Plain-balloon Angioplasty
Straight-line pulsatile flow to the foot is considered to be the goal of infrapopliteal intervention. However, the greater the number of patent vessels, the greater the chance of limb salvage. Infrapopliteal angioplasty is associated with high technical success rates when using smaller diameter wires and balloon technologies (1,2). Limb salvage rates are equivalent to bypass surgery, although the durability of angioplasty is significantly lower (3). The majority of amputations are performed in the first year after intervention and thereafter the rate is less than 1% per year (4). Longer segment and smaller diameter
balloons (1.5 – 4mm diameter), suitable for infrapopliteal intervention, are available from many companies, e.g.
Amphirion Deep (Medtronic Invatec, Frauenfeld, Switzerland);
Advance (Cook Medical, IN, USA);
Fox sv (Abbott Vascular, Illinois, USA). The “KrossLock” inner metal shaft of the
ReeKross balloon (ClearStream Technologies Ltd, Wexford, Ireland) results in improved pushability and torque, useful in infrapopliteal intervention.
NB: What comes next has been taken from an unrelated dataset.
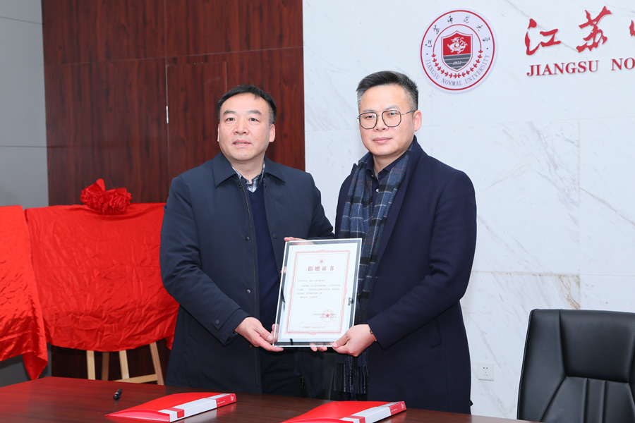 仪式上双方代表签署了捐资协议,颁发了捐赠证书。蔡国春、陈斌共同为“江苏师范大学教育法学研究中心”揭牌,刘广登与陈斌共同为“江苏师范大学党内法规研究中心”揭牌。

Drug-eluting balloons (DEBs)
Paclitaxel is used as an active agent in drug-eluting balloons, is realeased into the media at the site of angioplasty and reduces restenosis due to neo-intimal hyperplasia by suppressing the proliferation of smooth muscle cells. Interim results from the DEBATE-BTK study using the
In.Pact Admiral paclitaxel-eluting balloon (Medtronic Invatec, Frauenfeld, Switzerland. Not FDA approved) demonstrate significantly lower restenosis (27% vs. 65%) and reocclusion (16% vs. 53%) rates compared with plain PTA (5). At least two further randomised trials of DEB vs. plain balloon angioplasty are currently recruiting (
IN.PACT DEEP and
EURO-CANAL).
Atherectomy Devices Atherectomy devices physically remove the obstructing lesion. The
SilverHawk directional atherectomy device (EV3, Minneapolis, MN) contains a high-speed carbide-cutting disc that cuts long ribbons of atheroma, which are then stored in the nose-cone of the device. Twelve-month primary and secondary patency rates of up to 67% and 91% have been published (6). Pre-dilatation and adjunct PTA/stenting were required for a number of the lesions.
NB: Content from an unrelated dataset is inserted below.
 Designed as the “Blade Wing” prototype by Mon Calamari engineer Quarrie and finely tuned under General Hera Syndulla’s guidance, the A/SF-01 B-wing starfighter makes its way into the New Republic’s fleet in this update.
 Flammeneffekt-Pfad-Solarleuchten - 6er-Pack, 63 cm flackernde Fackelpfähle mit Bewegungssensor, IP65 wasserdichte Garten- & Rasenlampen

Laser-assisted angioplasty (laser atherectomy) using the CLiRpath 308-nm wavelength excimer system (Spectranetics, Colorado Springs, Colo) achieved limb salvage rates of 93% at 6 months (7,8).
The
Diamondback 360 Orbital Atherectomy System (Cardiovascular Systems Inc, St Paul, MN) uses a plaque ablation catheter. This has an abrasive eccentrically shaped crown with a diamond coated surface which rotates and creates lumen enlargement by plaque abrasion. A multi-centre registry foundthat 90% achieved <30% final diameter stenosis and no major amputations at six-months (9).
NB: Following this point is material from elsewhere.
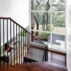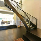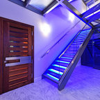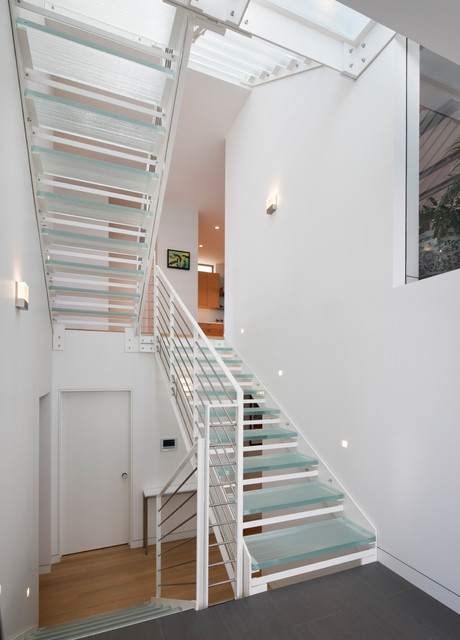 Immagine di una scala a "U" minimal con pedata in vetro e nessuna alzata — Houzz

Cryoplasty balloons Cryoplasty uses the controlled induction of apoptosis in the vessel wall by the cold balloon, with the aim that smooth muscle cell proliferation and restenosis is reduced. The non-randomised Chill trial utilised the
PolarCath cryoplasty system (Boston Scientific, Natick, MA, USA). Major amputation was avoided in 85% of patients at one-year (10).
Bare metal stents (BMSs)
The majority of published studies involve the use of balloon-expandable coronary stents in the calf vessels [eg. 11]. Stents specifically designed for the calf vessels include small
diameter self-expanding stents, e.g
Maris Deep (Invatec-Medtronic Frauenfeld, Switzerland),
X-pert (Abbott Vascular, Illinois, USA) and longer-length balloon expandable stents (e.g.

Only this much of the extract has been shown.